The resulting request will give us the status, the date, and information about the content. We can use the content function to extract the data- in this case a nested list:

names(content(req))
## [1] "total_count"        "incomplete_results" "items"

Not all APIs are open like this Github API. You may have to create a developer account and authenticate before accessing the data. You can usually figure this out by following the developer docs on each individual site.

Some things to keep in mind when you are downloading data from APIs are the following:

  1. Pay attention to the terms of service and developer docs
  2. Respect rate limits so you won’t be blocked
  3. Think carefully about what data you pull and share, it is very easy to collect data people wouldn’t want shared
  4. Remember the data are constantly updating since they are from the web, so you might want to save versions of the data
  5. Remember that the data are only the version that the company/government/entity wants to expose, so may have errors or issues due to translation.

7.10 Webscraping

Do we want to purchase a book on Amazon?

Next we are going to learn about what to do if your data is on a website (XML or HTML) formatted to be read by humans instead of R.

We will use the (really powerful) rvest R package to do what is often called “scraping data from the web”.

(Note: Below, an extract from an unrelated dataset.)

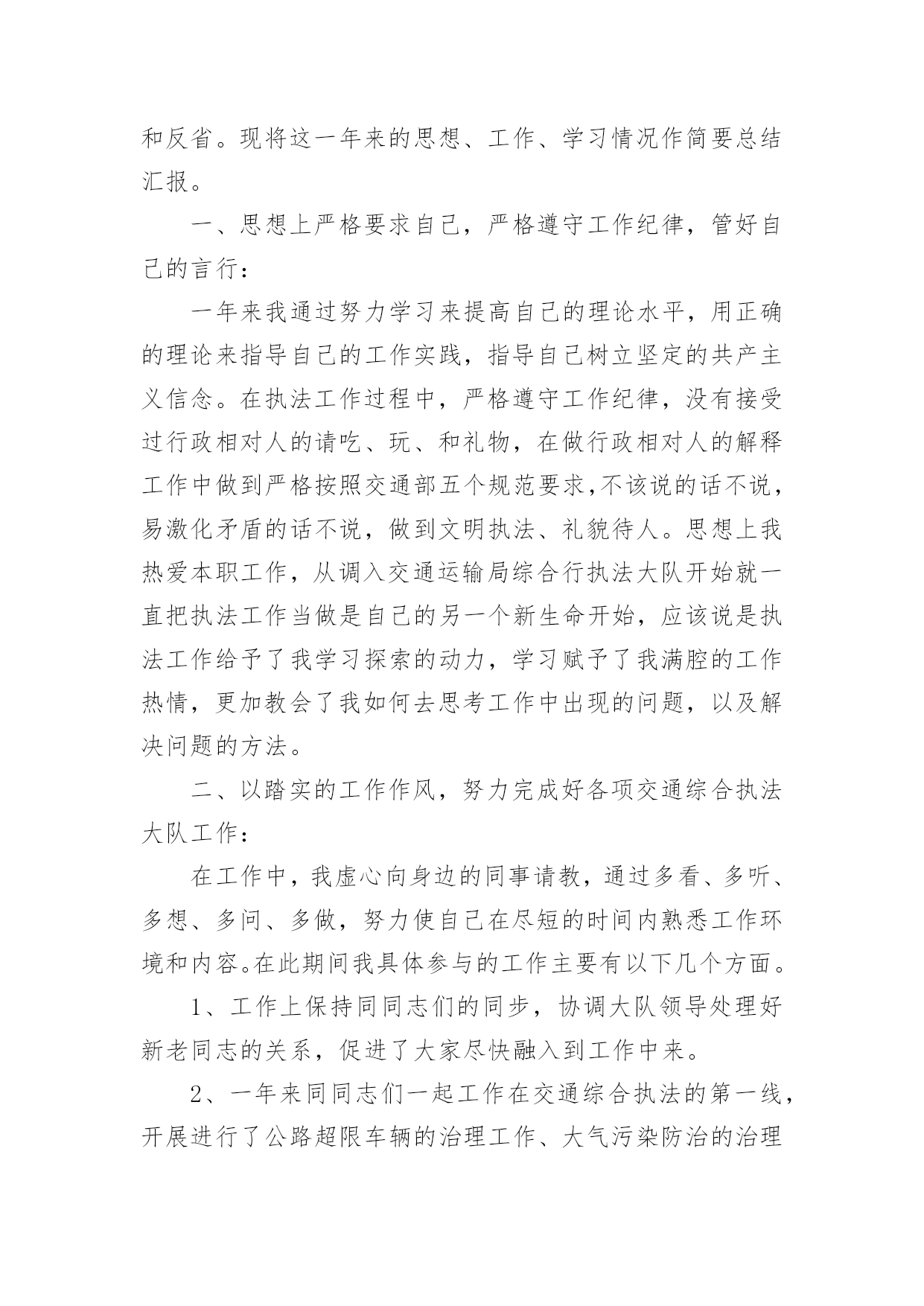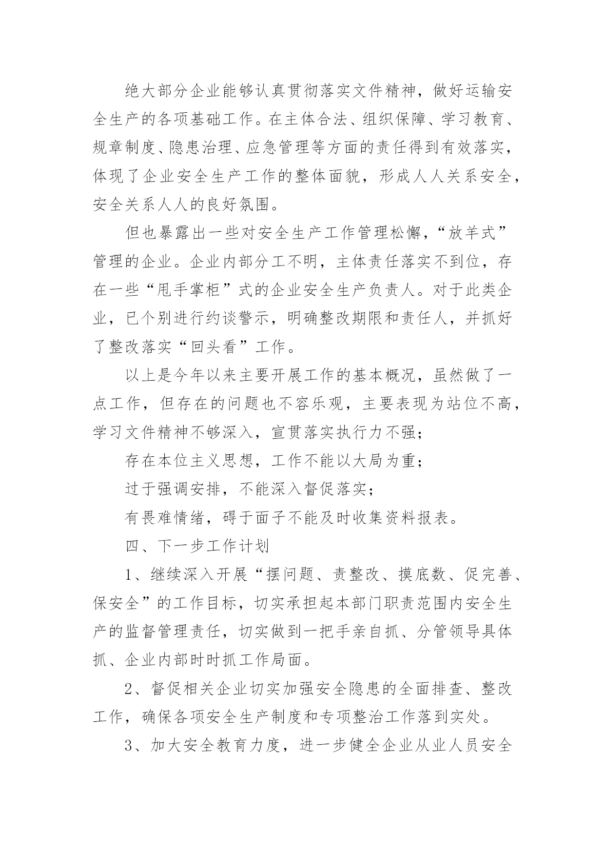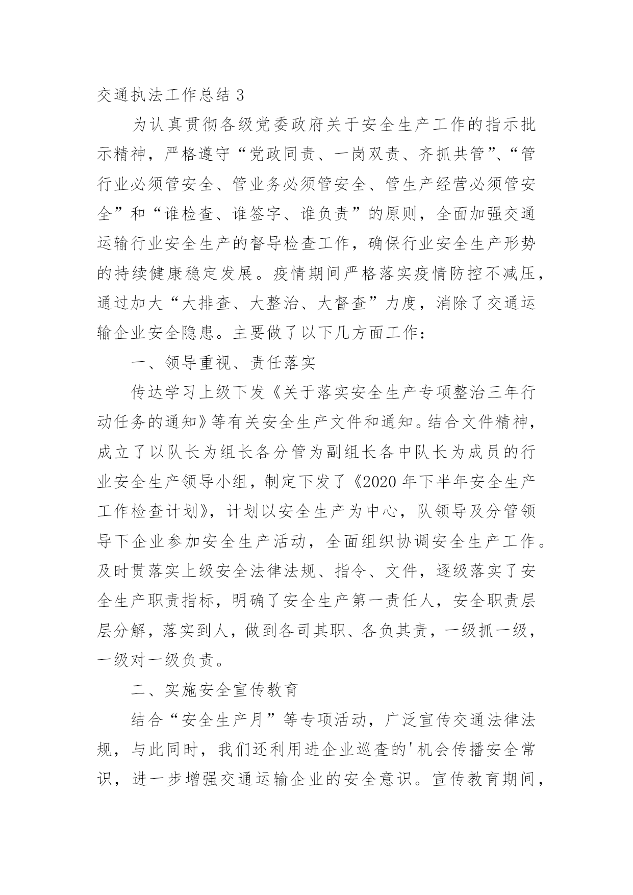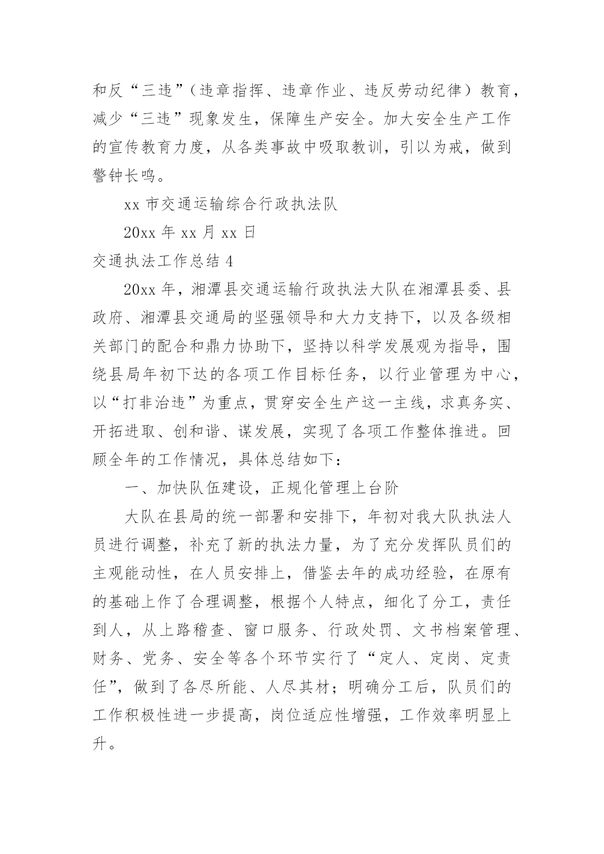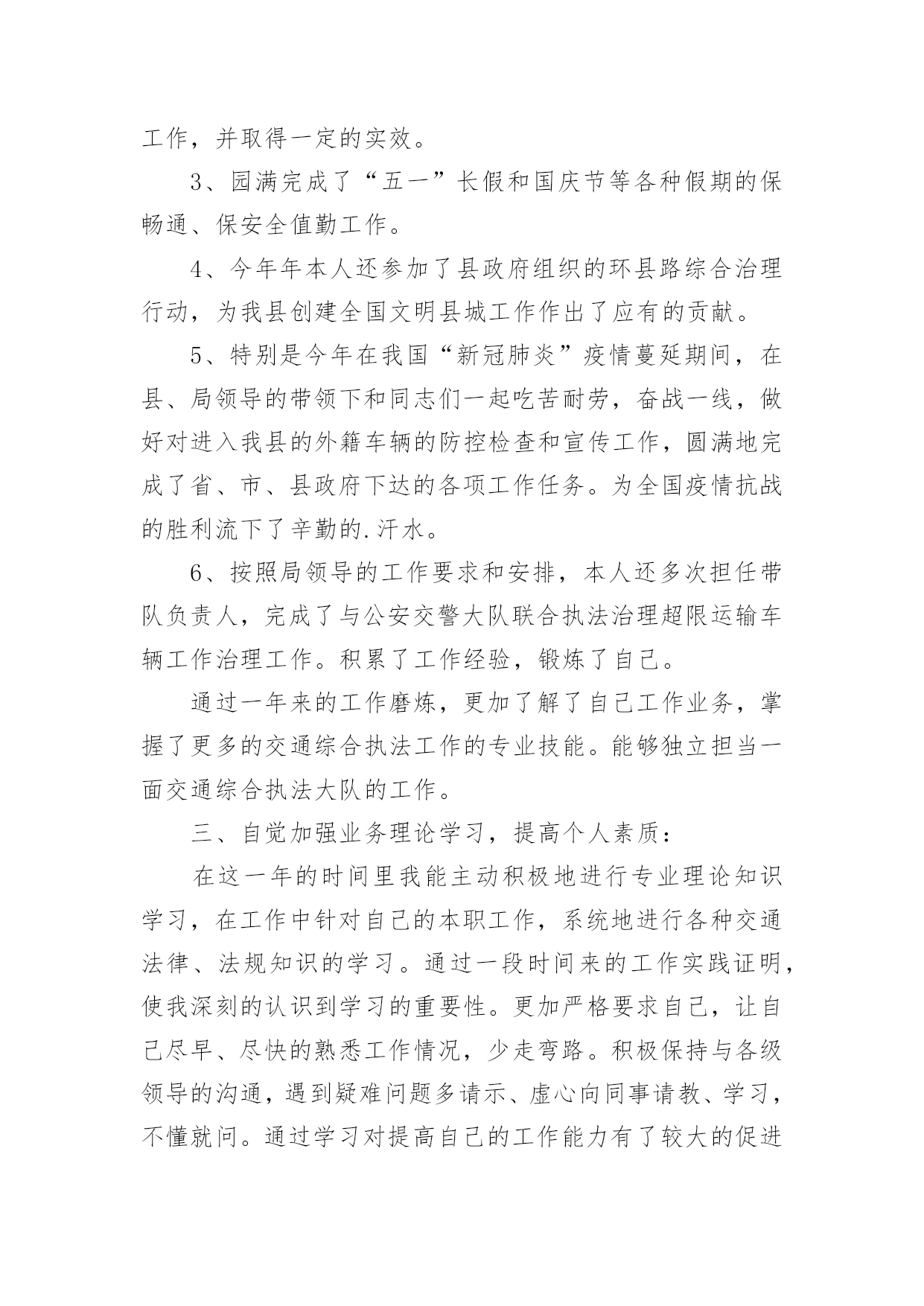 交通执法工作总结交通执法工作总结15篇总结是对某一特定时间段内的学习和工作生活等表现情况加以回顾和分析的一种书面材料,它可以帮助我们总结以往思想,发扬成绩,让我们抽出时间写写总结吧。总结怎么写才不会流于形式呢?以下是小编整理的交通执法工作总结,仅供参考,欢迎大家阅读。交通执法工作总结1我是xx,xx县交通运输局综合执法大队一名普通的执法人员,xx年对我来说是学习的一年、收获的一年。在这一年的学习、工作中,虽然有苦有累,但是感觉到收获却是颇丰,首先是在局领导及同事们的共同努力下圆满的完成了各项工作任务并且学到了很多东西。虽然没有轰轰烈烈的战果,但也算经历了一段不平凡的考验和磨砺。其次在这一年的时间里在交通运输局局领导的要求和指导下,成功地使自己完成了工作角色的转变,即由原来单一的治超站执法工作向综合多样性的交通综合行政执法工作的角色转变。在此转变过程中,始终保持着自己在思想上、工作上、学习等各方面都积极向上的精神。并取得了一定的成绩,个人综合素质也得到了一定的提高。对于每一个追求进步的人来说,对自己进行一番“盘点”与自我工作总结,也算是对自己的一种鞭策和反省。现将这一年来的思想、工作、学习情况作简要总结汇报。一、思想上严格要求自己,严格遵守工作纪律,管好自己的言行:一年来我通过努力学习来提高自己的理论水平,用正确的理论来指导自己的工作实践,指导自己树立坚定的共产主义信念。在执法工作过程中,严格遵守工作纪律,没有接受过行政相对人的请吃、玩、和礼物,在做行政相对人的解释工作中做到严格按照交通部五个规范要求,不该说的话不说,易激化矛盾的话不说,做到文明执法、礼貌待人。思想上我热爱本职工作,从调入交通运输局综合行执法大队开始就一直把执法工作当做是自己的另一个新生命开始,应该说是执法工作给予了我学习探索的动力,学习赋予了我满腔的工作热情,更加教会了我如何去思考工作中出现的问题,以及解决问题的方法。二、以踏实的工作作风,努力完成好各项交通综合执法大队工作:在工作中,我虚心向身边的同事请教,通过多看、多听、多想、多问、多做,努力使自己在尽短的时间内熟悉工作环境和内容。在此期间我具体参与的工作主要有以下几个方面。1、工作上保持同同志们的同步,协调大队领导处理好新老同志的关系,促进了大家尽快融入到工作中来。2、一年来同同志们一起工作在交通综合执法的第一线,开展进行了公路超限车辆的治理工作、大气污染防治的治理工作,并取得一定的实效。3、园满完成了“五一”长假和国庆节等各种假期的保畅通、保安全值勤工作。4、今年年本人还参加了县政府组织的环县路综合治理行动,为我县创建全国文明县城工作作出了应有的贡献。5、特别是今年在我国“新冠肺炎”疫情蔓延期间,在县、局领导的带领下和同志们一起吃苦耐劳,奋战一线,做好对进入我县的外籍车辆的防控检查和宣传工作,圆满地完成了省、市、县政府下达的各项工作任务。为全国疫情抗战的胜利流下了辛勤的.汗水。6、按照局领导的工作要求和安排,本人还多次担任带队负责人,完成了与公安交警大队联合执法治理超限运输车辆工作治理工作。积累了工作经验,锻炼了自己。通过一年来的工作磨炼,更加了解了自己工作业务,掌握了更多的交通综合执法工作的专业技能。能够独立担当一面交通综合执法大队的工作。三、自觉加强业务理论学习,提高个人素质:在这一年的时间里我能主动积极地进行专业理论知识学习,在工作中针对自己的本职工作,系统地进行各种交通法律、法规知识的学习。通过一段时间来的工作实践证明,使我深刻的认识到学习的重要性。更加严格要求自己,让自己尽早、尽快的熟悉工作情况,少走弯路。积极保持与各级领导的沟通,遇到疑难问题多请示、虚心向同事请教、学习,不懂就问。通过学习对提高自己的工作能力有了较大的促进作用。使自己在工作中不掉队、不落伍,通过学习,思考,提高,使自己的思想素质、道德品质和工作能力都得到了明显的进步。能够更好地胜任本职工作。总之,在这一年的工作中,虽然我受益于单位的培养和领导的关心,取得了个人一点点进步,但也在这一年多的工作总结中发现了自己的不足,如对行政相对人的服务意识不够周到,对创新执法工作能动性不强。这些都是我今后要努力工作的方向,争取在今后工作中和大家一起进步,把交通综合行执法大队工作推向新的高度,开创交通综合执法工作的新局面。交通执法工作总结2根据蒲江县交通运输局《关于开展20xx年“安全生产月”活动的实施方案》(蒲交发[20xx]43号)的文件精神,我大队紧紧围绕“安全责任、重在落实”的主题,结合我县交通安全生产情况进行了认真研究、精心组织和部署,积极开展“安全生产月”活动。现将活动开展情况汇报如下:一、加强领导,落实责任为确保20xx年“安全生产月”活动各项工作落到实处,大队成立了以大队长何忠钰为组长,副大队长杜龙义、黄勇为副组长,相关科室

Before we do that, we need to set up a few things:

We’re going to be scraping this page: it just contains the (first page of) reviews of the ggplot2 book by Hadley Wickham.

url <- "http://www.amazon.com/ggplot2-Elegant-Graphics-Data-Analysis/product-reviews/0387981403/ref=cm_cr_dp_qt_see_all_top?ie=UTF8&showViewpoints=1&sortBy=helpful"

We use the rvest package to download this page.

library(rvest)
## Loading required package: xml2
h <- read_html(url)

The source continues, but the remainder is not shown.